## Task instructions
Reproduce the listing that follows character for character, excluding its pictures.
═══ Information shown ═══
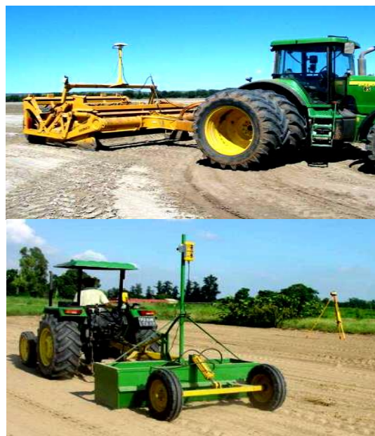
شکل ۵- تسطیح زمین توسط مسطح‌کننده لیزری Figure 5- Ground leveling by laser leveler

برای اجرای روش‌های نوین کشت بایستی زمین از تسطیح مناسبی برخوردار باشد؛ زیرا برای آبیاری یکنواخت مزرعه، بایستی زمین هموار بوده و دارای شیب یکنواخت و معینی باشد. اگر شیب کلی زمین مناسب بوده اما زمین کمی ناهموار باشد، انجام یک یا دو بار ماله (لولر) معمولی برای تسطیح زمین کفایت می‌کند. در صورت مناسب نبودن شیب کلی زمین و وجود ناهمواری زیاد در مزرعه، برای برخوردارگی کامل از مزایای کشت گندم روی پشته‌های بلند، لازم است زمین با ماله لیزری تسطیح اساسی شود و این کار هر پنج سال یک‌بار تکرار می‌شود (شکل ۵).
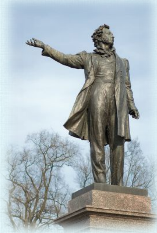
Памятник А.С. Пушкину в Санкт-Петербурге.
═══
## Reply
شکل ۵- تسطیح زمین توسط مسطح‌کننده لیزری Figure 5- Ground leveling by laser leveler

برای اجرای روش‌های نوین کشت بایستی زمین از تسطیح مناسبی برخوردار باشد؛ زیرا برای آبیاری یکنواخت مزرعه، بایستی زمین هموار بوده و دارای شیب یکنواخت و معینی باشد. اگر شیب کلی زمین مناسب بوده اما زمین کمی ناهموار باشد، انجام یک یا دو بار ماله (لولر) معمولی برای تسطیح زمین کفایت می‌کند. در صورت مناسب نبودن شیب کلی زمین و وجود ناهمواری زیاد در مزرعه، برای برخوردارگی کامل از مزایای کشت گندم روی پشته‌های بلند، لازم است زمین با ماله لیزری تسطیح اساسی شود و این کار هر پنج سال یک‌بار تکرار می‌شود (شکل ۵).
Памятник А.С. Пушкину в Санкт-Петербурге.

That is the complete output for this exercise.